For the data you added, I see:

So nothing much going on for Timepoint, whether globally of per Antibiotics.

I think the problems are coming from the fact that you are using the observed data and that might be causing problems. Instead, generate data evenly over the terms you want to plot. One further problem with the approach you took is that the intercept also include the reference level for Gender. Instead, I chose to generate posterior fitted samples (fitted values but showing the uncertainty in the model estimates), excluding the random smooths and the linear effect of Age_use, but including the average smooth of Timepoint.
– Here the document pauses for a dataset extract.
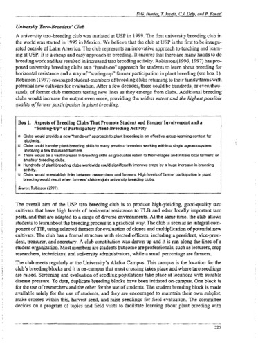 The importance of appropriate genetic variability for plant breeding work in cassava is highlighted; genetic erosion has been slight and therefore efforts should be made to collect and maintain germplasm of both cultivated and wild species. It is necessary to carry out physiological studies aiming at the control of floral initiation in cassava and to explore other breeding methods such as recurrent selection, self-pollination, and selection within and between S1 progeny. The different cassava environments should be classified and grouped in order in define breeding objetives adequately. Currently, selection criteria are focussed toward adaptation to the agroecosystem, morpholoigical characteristics, potential to improve physiological processes (LAI, HI, photosynthesis) and quality factors of cassava for the different markets. The role of biotechnology as a tool for plant breeders is discussed; the most immediate application of biotechnology in cassava is in the conservation, exchange, and characterization of germplasm. Future applications can be in the field of genetic engineering to eliminate HCN from materials or incorporate other desirable genes for the production of toxins conferring resistance to insects. From the initial stages of screening, plant breeders should be aware of the conditions and needs of target farmers to assure successful technology transfer. The objectives of germplasm exchange should be clearly defined and basic information should be provided on climate, soils, prevalent pests and diseases, etc. Training activities in the the validation and transfer of new technology should be enhanced; likewise, the assessment of materials should not be based on yield alone; production, processing, and marketing data should also be considered. (CIAT)

You can think of these results as showing the the estimated effect of Timepoint conditional upon Antibiotics and Gender, excluding the effects of Age_use and the subject_specific Timepoint effects.

For the posterior samples then I see:

library("gratia")
library("ggdist")
library("ggplot2")
library("dplyr")

## generate data to predict at
ds <- data_slice(
  m,
  Timepoint = evenly(Timepoint),
  Antibiotics = evenly(Antibiotics),
  Gender = evenly(Gender)
) |>
  mutate(
    .row = row_number()
  )

## compute the posterior samples
fv  <- fitted_samples(
  m,
  data = ds,
  n = 10000,
  exclude = c("Age_use", "s(Timepoint,ID_new)")
)

## compute the 95% interval
fv_int <- fv |>
  group_by(.row) |>
  median_qi(
    .width = c(0.95),
    .exclude = c(".draw", ".parameter", ".row")
  ) |>
  left_join(
    ds |>
      select(.row, Antibiotics, Timepoint, Gender),
    by = join_by(.row)
  )

## plot
fv_int |>
  ggplot(aes(y = .fitted, ymin = .lower, ymax = .upper, x = Timepoint)) +
  geom_ribbon(aes(fill = Antibiotics), alpha = 0.2) +
  geom_line(aes(colour = Antibiotics)) +
  facet_wrap( ~ Gender)

This is not unexpected given the estimated effects of the two difference smooths are effectively flat functions (no difference).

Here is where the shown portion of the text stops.